Retailers could have reason to be concerned about the health of the U.S. economy, as retail sales slipped 0.2 percent in February to $506 billion, marking an unexpected decline in consumer spending.
While January’s recovery was revised upward from 0.2 percent to 0.7 percent month-over-month growth, economists had expected sales to continue to trend upward by 0.3 percent in February, so the downturn is a disappointment. Sales in clothing and accessory stores in particular slumped 0.4 percent during the month and 0.5 percent over February 2018. Sporting goods stores, meanwhile, were up 0.5 percent month over month but down 8.2 percent over the prior year.
Department stores, which saw falling sales in January despite the overall upward momentum, again saw sales shrink to $12.03 billion as several chains, including Sears and J.C. Penney, continued to shutter stores in the pursuit of profitability.
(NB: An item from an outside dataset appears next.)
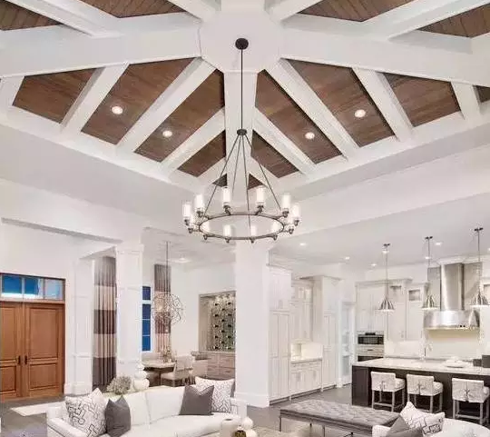 2、如果是別墅的客廳吊頂選擇青岡會比較好。如果是小客廳的話,建議選擇合成材料的木龍。全部吊頂可以采用輕鋼龍骨石膏板吊頂比較好;

The National Retail Federation blamed inclement weather and political uncertainty for some of the declines. “The weaker-than-expected February retail sales numbers reflect colder weather and increased precipitation that kept shoppers home but were also skewed downward because of the government’s upward revision in January’s results,” said NRF chief economist Jack Kleinhenz. “The aftereffects of the erratic stock market, the government shutdown and slower tax refunds this year also likely played a role.”
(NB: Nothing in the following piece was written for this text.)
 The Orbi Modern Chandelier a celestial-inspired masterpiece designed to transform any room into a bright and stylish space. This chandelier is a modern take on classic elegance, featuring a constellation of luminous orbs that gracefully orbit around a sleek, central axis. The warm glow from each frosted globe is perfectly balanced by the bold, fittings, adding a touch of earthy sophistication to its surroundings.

As consumers finally get their paychecks in the mail from the IRS, spending could tick up, and the significant upward revision to January’s results is a reminder that the current figures are preliminary.
“We still expect growth to pick up, fueled by strong fundamentals like job and wage growth that are driving increased consumer spending,” said Kleinhenz. “The consumer will continue to provide direction and strength to the U.S. economy in the months ahead.”
February’s sales were up 2.2 percent year over year.